It’s Inflation Week at Len Penzo dot Com. Follow me over the next several days as I explore the multiple facets and facts about this insidious scourge, the probability of its resurgence, its potential impacts on us, and strategies for protecting yourself and your personal finances. Hey, it’s not as fun as Shark Week at the Discovery Channel, but it’s almost as scary! 😉
Raising taxes to pay for excessive government spending is never popular with the general electorate. As a result, printing money is how our spineless government leaders try to buy time so they can prolong their political careers. It’s a cowardly way to avoid making the tough decisions that need to be made in the face of deficit spending and, left unchecked, its primary effect over time is a high inflation rate.
The US government is currently indebted to the tune of approximately $11 trillion. Amazingly, that doesn’t account for the $49 trillion of Medicare and Social Security entitlement liabilities which will need to be paid off in the future. The United States Treasury Department doesn’t use these entitlements when calculating their debt to GDP ratio, but if they did it would be 680%! This partly explains why entitlements are not included in the calculations; if they were it would become painfully obvious that the country is basically insolvent.
As long as the dollar remains the world’s reserve currency, the US may just be able to avoid the worst effects of inflation. However, the dollars reputation as a safe haven continues to be chipped away with each new government bailout and socialist spending program that is implemented by our leaders.

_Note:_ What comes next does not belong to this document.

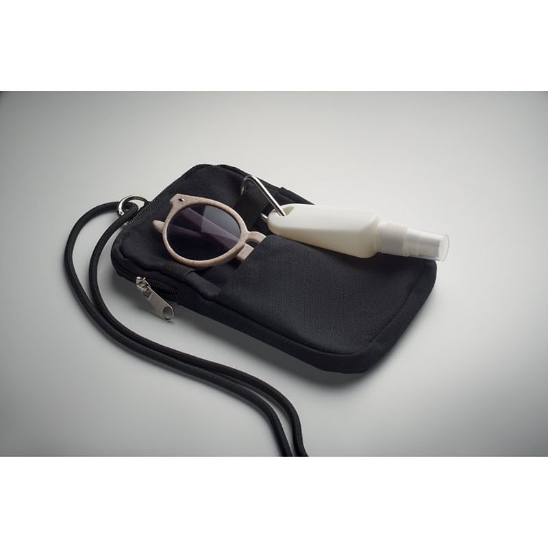 Bolsa bandolera para smartphone de algodón reciclado con cordón ajustable de poliéster RPET y bolsillo abierto en la parte delantera. 280 gr/m².

It is no secret that Ben Bernanke and the Fed plan to minimize all of this God-awful debt by surreptitiously devaluing the dollar over time. Therefore the United States will continue to print money to cover their profligate spending while the fiscally responsible among us who are not saddled by excessive personal debt will continue to pray that hyperinflation continues to stay away.
Unfortunately, this tactic ends up emulating one of communism’s principle tenants — redistribution of wealth. By indirectly devaluing the dollar via inflation, the Fed will forcefully transfer the wealth of those who have managed to save responsibly over the years to those who have lived well beyond their means. Talk about sowing the seeds of public discontent!
Can you imagine the rage that would foment in those of us who watched the value of our retirement and other savings accounts wither to nothing in order to pay for the bills of those who mortgaged the farm to live way beyond their means? Meanwhile many who bought more home than they could reasonably afford, only to be bailed out by the taxpayers, will still have their McMansions. That, people, is how revolutions get started.
But all is not lost.
Ironically, because Communist China currently owns more US Treasuries than any other foreign country, this perverse tactic being tacitly endorsed by the Fed will end up adversely affecting the Chinese most of all. Indeed, China will not tolerate watching the dollar’s plummeting value begin to destroy a good portion of their accumulated wealth.
The big danger, of course, is that China could eventually get fed up with America’s free-spending inflationary policies and threaten to “take the nuclear option” by selling a significant portion of their US dollars. This, of course, would obliterate the American economy — and quite possibly take the rest of the world economies with it.
Then again, if our politicians would only show real courage by forcing us to take some badly-needed medicine, we would never have to get to that point.
It’s time for the Fed to strengthen the dollar by immediately raising interest rates to reward savers and encourage more responsible allocation of resources. It’s time to quit bailing out irresponsible lending institutions, automakers, and homeowners; allow creative destruction to heal the marketplace. Force holders of rotten loans to take their lumps and file for bankruptcy, if need be, and greatly reduce the credit scores and ratings of individuals and corporations who recklessly took part in the previous spend-now pay-later orgy.
It’s time for the United States to recognize that the party is finally over and turn the printing presses off before the dollar loses all credibility.
If we can’t convince our leaders to do the right thing, I am absolutely certain that China eventually will.